An object is projected with a velocity of 80ms-1 at an angle of 30o to the horizontal.The maximum height reached is
Answer Details
The problem involves finding the maximum height reached by an object that is projected at a given velocity and angle to the horizontal. To solve this, we can use the equations of motion for projectile motion.
Firstly, we need to break down the initial velocity into its horizontal and vertical components. The horizontal component remains constant throughout the motion and is given by:
vx = v * cos(theta)
where v is the initial velocity and theta is the angle of projection.

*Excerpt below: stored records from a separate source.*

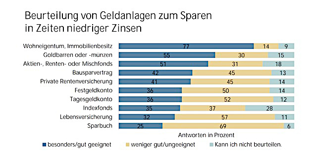 77 Prozent der Befragten halten im Niedrigzinsumfeld vor allem auch Wohneigentum für eine geeignete Form der Geldanlage. 55 Prozent setzen auch auf Goldbarren oder -münzen. Fast zwei Drittel der Verbraucher sind der Meinung, Gold sei eine sichere und krisenfeste Anlageform.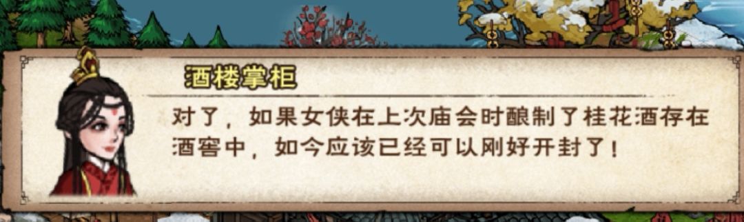 (5)烟雨酒楼,领取上一年活动酿的桂花酒等,并且可以酿酒留到明年喝,提供一些韧性效果等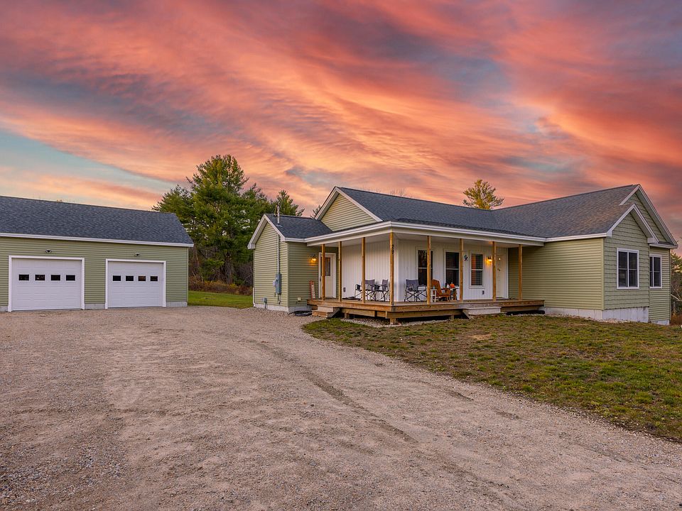 Recently built in 2023, this single floor living 3 bedroom 2.5 bathroom ranch sits on over 5 acres and includes a detached 2 car garage. Set back from the road with open fields and plenty of space ideal for solar, the property offers a peaceful rural feel while still having the convenience of town water. The detached 2 car garage has high ceilings and a reinforced concrete floor. The home has a large back deck that extends from both the kitchen and dining area and the primary bedroom, creating a great space to relax and enjoy the surroundings. Inside, the layout is bright and open with a spacious kitchen, dining area, and living room. The primary bedroom features a full bath and walk-in closet, and the other two additional bedrooms also include walk-in closets. Laundry is located on the main floor near the kitchen and ½ bathroom for everyday convenience. The walk-out basement is already plumbed for a second kitchen and bathroom, offering future potential for an in-law setup or additional finished space. The home is heated with a forced hot air heat pump/ propane system and includes central air and propane on demand hot water. A comfortable setting with room to grow and enjoy. Open House this Saturday, Nov 8th from 11am to 12:30pm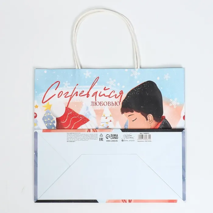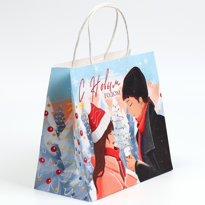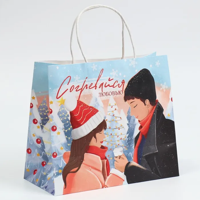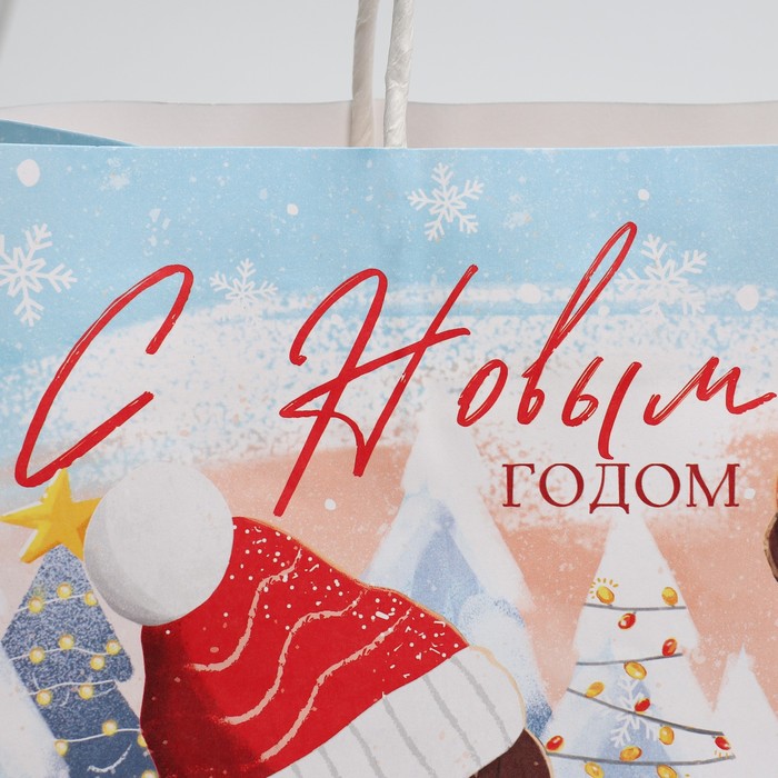 Пакет подарочный новогодний крафтовый «Согревайся», 25 х 22 х 12 см — Характеристики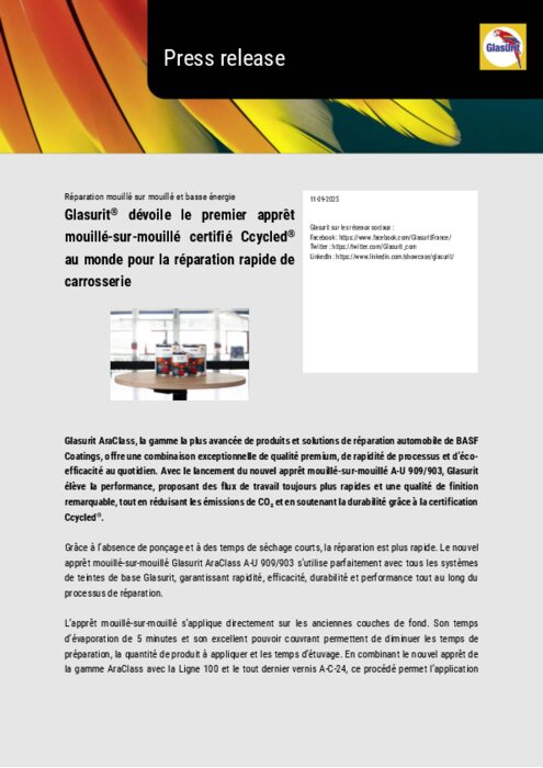 Avec le lancement du nouvel apprêt mouillé-sur-mouillé A-U 909/903, Glasurit élève la performance, proposant des flux de travail toujours plus rapides et une qualité de finition remarquable, tout en réduisant les émissions de CO₂ et en soutenant la durabilité grâce à la certification Ccycled.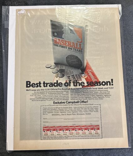 1969 Campbell's Kids Soup Advertising Page In Plastic Cover 100 Yrs Baseball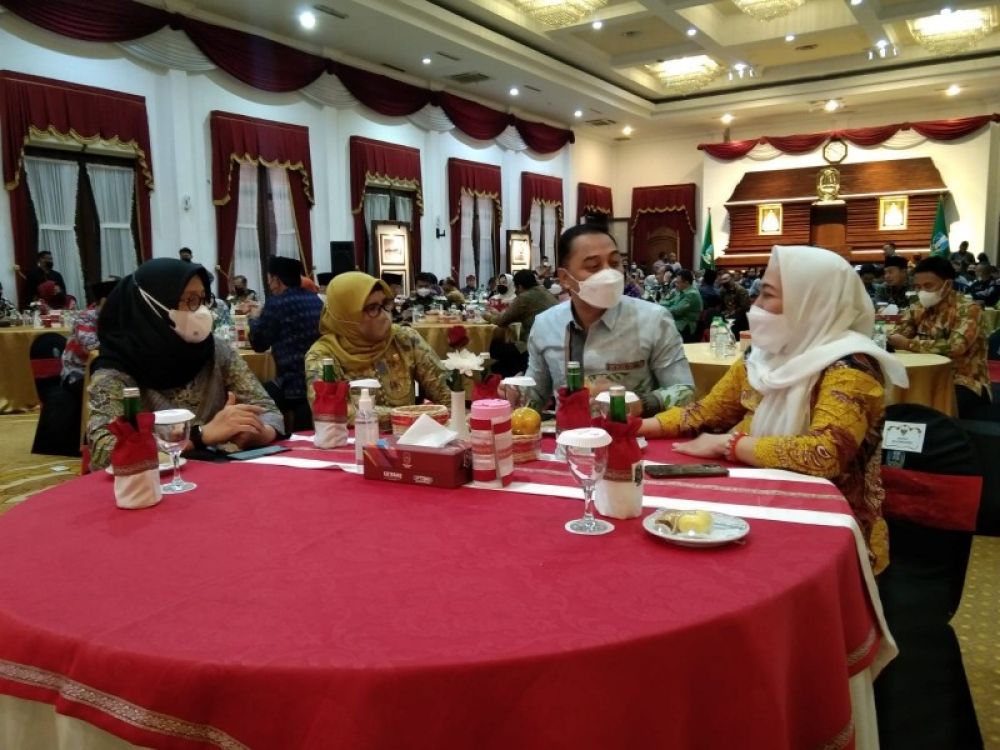 Bupati Bojonegoro Anna Mu'awanah (kanan hijab putih) berbincang dengan Wali Kota Surabaya, Eri Cahyadi. (Ist)

The vertical component changes due to the force of gravity and is given by:
vy = v * sin(theta) - gt
where g is the acceleration due to gravity and t is the time elapsed.
At the maximum height, the vertical component of the velocity becomes zero. We can use this fact to determine the time of flight (the time it takes for the object to reach its maximum height and then return to the same height) as follows:
0 = v * sin(theta) - gt_max
where t_max is the time taken to reach the maximum height. Rearranging this equation gives:
t_max = v * sin(theta) / g
Using this value of t_max, we can determine the maximum height reached by the object using the equation:
h_max = v * sin(theta) * t_max - 0.5 * g * t_max^2
Substituting the given values in these equations, we get:
vx = 80 * cos(30) = 69.28 m/s
vy = 80 * sin(30) - 9.81 * t
0 = 80 * sin(30) - 9.81 * t_max
t_max = (80 * sin(30)) / 9.81 = 4.08 s
h_max = 80 * sin(30) * t_max - 0.5 * 9.81 * t_max^2 = 80 * sin(30) * 4.08 - 0.5 * 9.81 * 4.08^2 = 80 m
Therefore, the maximum height reached by the object is 80 meters.